In the above findAverage program, we told va_arg() that our variables are all expected to have a type of int. Consequently, each call to va_arg() will return the next sequence of bits translated as an integer.
In this case, the problem is that the double we passed in as the first ellipsis argument is 8 bytes, whereas va_arg(list, int) will only return 4 bytes of data with each call. Consequently, the first call to va_arg will only read the first 4 bytes of the double (producing a garbage result), and the second call to va_arg will read the second 4 bytes of the double (producing another garbage result). Thus, our overall result is garbage.

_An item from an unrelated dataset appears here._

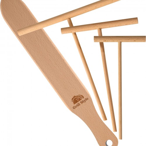 Crepe Spreader and Spatula Kit, 3.5 Inch, 5 Inch, 7 Inch T-Shaped Batter Spreaders & 13.4 Inch Spatula Turner, Pancake Tool, Natural Wood Material Crepes Sticks Fit Any Crepe Pan Maker, Pack of 4

Because type checking is suspended, the compiler won’t even complain if we do something completely ridiculous, like this:
int value = 7;
std::cout << findAverage(6, 1.0, 2, "Hello, world!", 'G', &value, &findAverage) << '\n';
Believe it or not, this actually compiles just fine, and produces the following result on the author’s machine:
1.79766e+008
This result epitomizes the phrase, “Garbage in, garbage out”, which is a popular computer science phrase “used primarily to call attention to the fact that computers, unlike humans, will unquestioningly process the most nonsensical of input data and produce nonsensical output” (Wikipedia).
So, in summary, type checking on the parameters is suspended, and we have to trust the caller to pass in the right type of parameters. If they don’t, the compiler won’t complain – our program will just produce garbage (or maybe crash).

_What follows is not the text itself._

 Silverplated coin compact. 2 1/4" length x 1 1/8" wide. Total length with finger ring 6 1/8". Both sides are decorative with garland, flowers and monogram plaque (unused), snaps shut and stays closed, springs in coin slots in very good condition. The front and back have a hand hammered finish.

Not only do the ellipsis throw away the type of the parameters, it also throws away the number of parameters in the ellipsis. This means we have to devise our own solution for keeping track of the number of parameters passed into the ellipsis. Typically, this is done in one of three ways.
Method #1 is to have one of the fixed parameters represent the number of optional parameters passed. This is the solution we use in the findAverage() example above.
However, even here we run into trouble. For example, consider the following call:
For example:
std::cout << findAverage(6, 1, 2, 3, 4, 5) << '\n';
On the author’s machine at the time of writing, this produced the result:
699773
What happened? We told findAverage() we were going to give it 6 values, but we only gave it 5. Consequently, the first five values that va_arg() returns were the ones we passed in. The 6th value it returns was a garbage value somewhere in the stack. Consequently, we got a garbage answer. At least in this case it was fairly obvious that this is a garbage value.
A more insidious case:
std::cout << findAverage(6, 1, 2, 3, 4, 5, 6, 7) << '\n';
This produces the answer 3.5, which may look correct at first glance, but omits the last number in the average, because we only told it we were going to provide 6 parameters (and then provided 7). These kind of mistakes can be very hard to catch.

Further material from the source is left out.